Find median in binary search tree

Write an implementation of the T ComputeMedian() const function, which calculates the median value in the tree in O (n) time. Suppose the tree is BST, but not necessarily balanced. Recall that the median of n numbers is defined as follows: if n is odd, the median is x, so that the number of values ​​less than x is equal to the number of values ​​greater than x. If n is even, then one plus the number of values ​​less than x is equal to the number of values ​​greater than x. For example, given the numbers 8, 7, 2, 5, 9, the median is 7, because there are two values ​​less than 7 and two values ​​greater than 7. If we add the number 3 to the set, the median will become 5.
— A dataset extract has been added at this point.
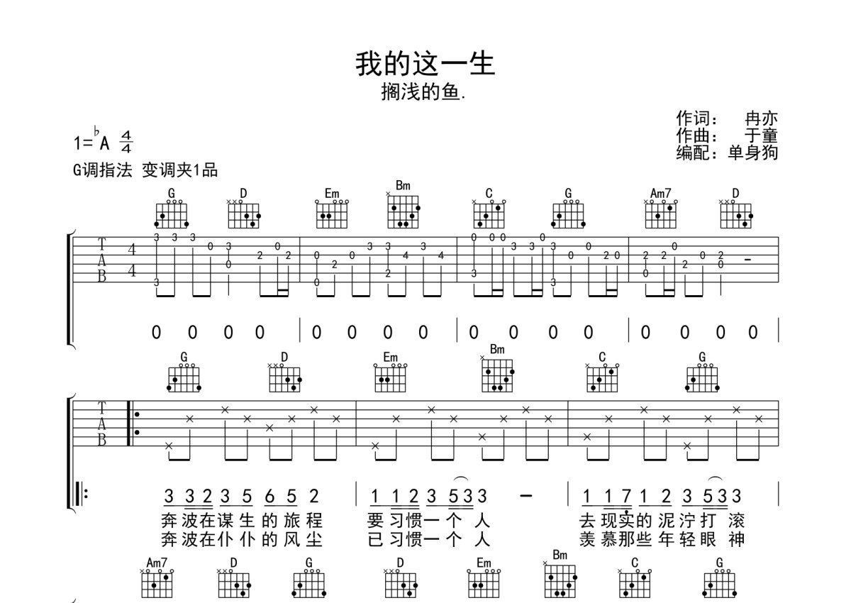 搁浅的鱼《我的这一生》吉他谱 - G调弹唱六线谱

Here is the node binary search tree class:

 template <class T> class BSTNode { public: BSTNode(T& val, BSTNode* left, BSTNode* right); ~BSTNode(); T GetVal(); BSTNode* GetLeft(); BSTNode* GetRight(); private: T val; BSTNode* left; BSTNode* right; BSTNode* parent; //ONLY INSERT IS READY TO UPDATE THIS MEMBER DATA int depth, height; friend class BST<T>; }; 

Search tree binary class:

 template <class T> class BST { public: BST(); ~BST(); bool Search(T& val); bool Search(T& val, BSTNode<T>* node); void Insert(T& val); bool DeleteNode(T& val); void BFT(void); void PreorderDFT(void); void PreorderDFT(BSTNode<T>* node); void PostorderDFT(BSTNode<T>* node); void InorderDFT(BSTNode<T>* node); void ComputeNodeDepths(void); void ComputeNodeHeights(void); bool IsEmpty(void); void Visit(BSTNode<T>* node); void Clear(void); private: BSTNode<T> *root; int depth; int count; BSTNode<T> *med; // I've added this member data. void DelSingle(BSTNode<T>*& ptr); void DelDoubleByCopying(BSTNode<T>* node); void ComputeDepth(BSTNode<T>* node, BSTNode<T>* parent); void ComputeHeight(BSTNode<T>* node); void Clear(BSTNode<T>* node); }; 

I know that I must first count the nodes of the tree, and then do a roundabout until I get to the (n / 2) th node and return it. I just have no idea.